C: PROGRAMME IMPLEMENTATION

The programme is administratively autonomous and operationally vertical. It is under of the Office of the Prime Minister. Being under the Prime Minister’s office and headed by a strong Director (an ex-Minister) appointed by the Government, the programme has easy access to higher levels, the donors, and enjoys full political backing. It has five categories of professionals, a strong administration with its own fleet of vehicles, and strong logistical support from the WFP. Many people feel that while the high profile management has advantages, it has not been easy to intervene professionally.

At the provincial level there is a replica of the same structure as at the national level, with directors, well-equipped offices, five categories of experts (nutritionist, IEC expert, social mobilization expert, pedagogy expert, a strong administration), transport and other logistics support staff from WFP. At the fivondronana (prefecture) level, numerous local and international NGOs have been subcontracted to sensitize and mobilize communities, distribute supplementary food to the sites and provide training and supervision. While their participation is positive, there are various reports that indicate that some of the NGOs abuse the mandate given to them.

At the fokontany (village) level, hundreds of female ANCs (currently over 2,000) have been recruited with the help of community members but paid a salary and provided with a bicycle by the programme. They are accountable to a designated NGO. They submit their reports to the NGO animators (supervisors), not to the community.

One ACN is assigned to about seven or eight villages within a radius of 5 km. The estimated number of children is on average 200/site. The number of children assigned to each session is 30, but according to the records, observations made in a few sites and information gathered, the number of attendants is not more than 50 percent of this figure. The reasons for poor attendance have not been systematically studied but according to ACNs interviewed they include distance, workload of mothers, discouragement as a result of the child’s failure to gain weight, or the child’s adequate nutritional status. Besides, when supplementary food is in short supply, attendance decreases, and if there is a CRS site nearby, they prefer to go there because the supply is better in quantity and quality. Moreover, CRS provides supplementary feeding for pregnant and lactating women. This was observed during the field visit to one of the SEECALINE sites (Marolondu, commune of D’Ambodimanga II in Taomasina): only one mother had come for the session. According to the ACN, as there had been no supplementary food for the previous six months, most mothers could have gone to the nearby CRS site. Indeed, 60 children, lactating and pregnant women were present at the CRS site.

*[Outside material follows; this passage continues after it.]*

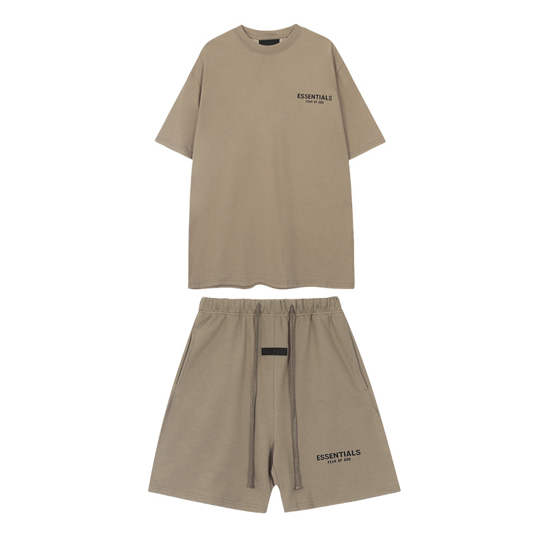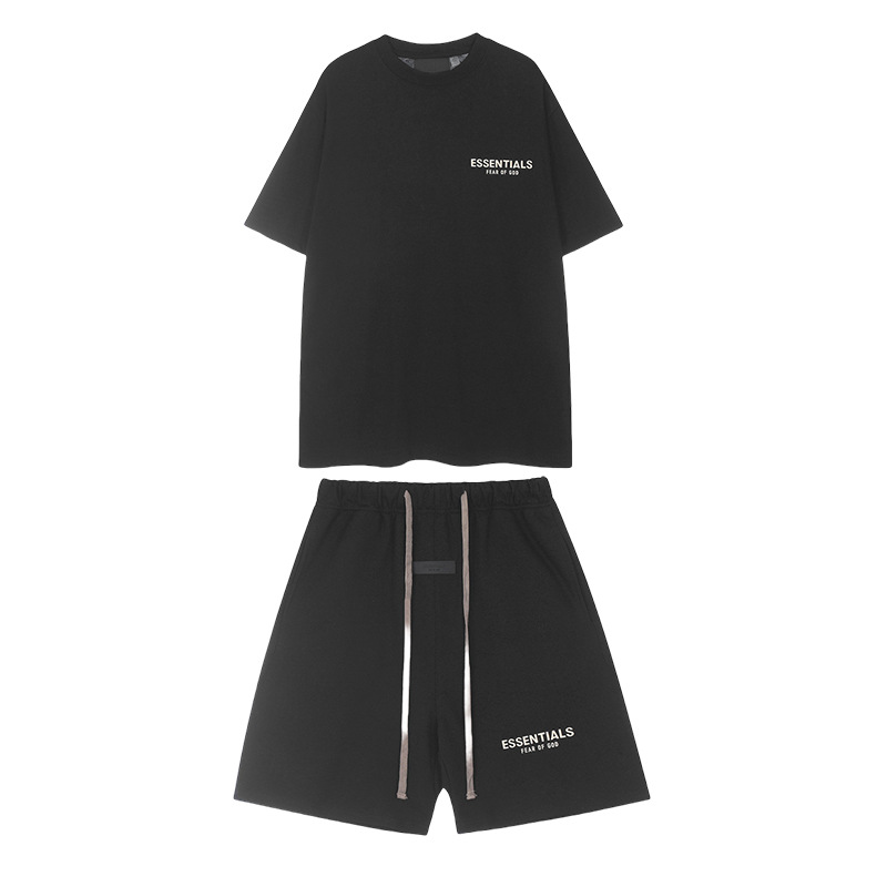 유럽과 미국의 패션 브랜드 ESSENTIALS 3 차원 플라스틱 라벨 편지 짧은 소매 티셔츠 FOG 반바지 남녀 커플 캐주얼 세트

The designated NGOs have animators (paid by SEECALINE) stationed at the commune level to supervise the ACN. One animator is assigned to supervise and assist 20 sites and is supposed to visit each at least once a month. However, according to the mid-term review, this has not been possible. So, there are plans now to lower the period of stay in supplementary feeding from four months to three months, to reduce the number of fokontany (villages) per ACN, in order to give the ACN more time for counselling. Similarly, it is proposed to reduce the number of sites per animator to allow him to make more frequent visits to supervise, assist and collect the reports on time. Clearly, there has been poor planning, and decisions are being taken without a proper analysis of the situation. Whatever the reasons, it means increasing the number of ACNs and animators, which in turn means more salary to pay, more motor-cycles (for animators) and bicycles (for ACNs) to buy. All these may appear to improve effectiveness and efficiency but in fact it might prove to be difficult for the faritany (provincial) staff to control quality, and impossible to sustain when external funding ends.

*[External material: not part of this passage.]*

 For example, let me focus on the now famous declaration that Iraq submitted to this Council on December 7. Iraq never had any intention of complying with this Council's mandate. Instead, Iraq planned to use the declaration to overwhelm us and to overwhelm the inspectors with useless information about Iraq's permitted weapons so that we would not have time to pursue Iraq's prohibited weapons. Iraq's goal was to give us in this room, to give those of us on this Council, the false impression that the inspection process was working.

Collaboration, harmonization and coordination

Links between the various SEECALINE activities are weak, as observed in the field and indicated in the recent mid-term review report (SEECALINE 2001). Collaboration with other sectors is loose and, where it exists, coordination is informal and limited at all levels except with the education sector. Although there are some kind of formal (but not strong) links with the ministries of Health and Agriculture at the central level, there is no formal communication between SEECALINE programme personnel and activities with those of health and agriculture at the provincial, district and the community levels. There are many reasons for the lack of intersectoral collaboration and coordination, major amongst which are:

The Director of the Nutrition Services in the Ministry of Health acknowledged that the Ministry could give the technical directives that have to be followed, which are essentially the NAC approach. Some use it, others do not, and the Department has little influence to harmonize or control programmes which do not have an agreement directly with the Ministry e.g. SEECALINE. Every NGO project is accountable to a particular ministry and donor agency with which an agreement was signed. The Food Security Services of MinAgri expressed the same opinion on the lack of a formal mechanism of coordination.

Informal Intersectoral Action Group for Nutrition (GAIN): precursor for coordination

In an effort to improve collaboration between the various projects and sectors an informal Intersectoral Action Group for Nutrition (GAIN) was established in 1997 on the initiative of NGOs. The objectives were to harmonize nutrition actions, to facilitate exchange of information and new scientific knowledge. The group has over 50 participating Governmental and NGO members (both national and international). It is chaired by the Ministry of Health, Nutrition Services Department. It has also set up similar groups at provincial level. It still holds quarterly meetings but, being non-formal with no legal recognition, its meetings do not go far beyond exchange of information. Although some consensus is reached at times, implementation is lacking owing to agency and/or donor policies. The group has made a valuable contribution in the formulation of the National Food and Nutrition Strategy and the preparation of project plans of action, such as the SEECALINE II and others.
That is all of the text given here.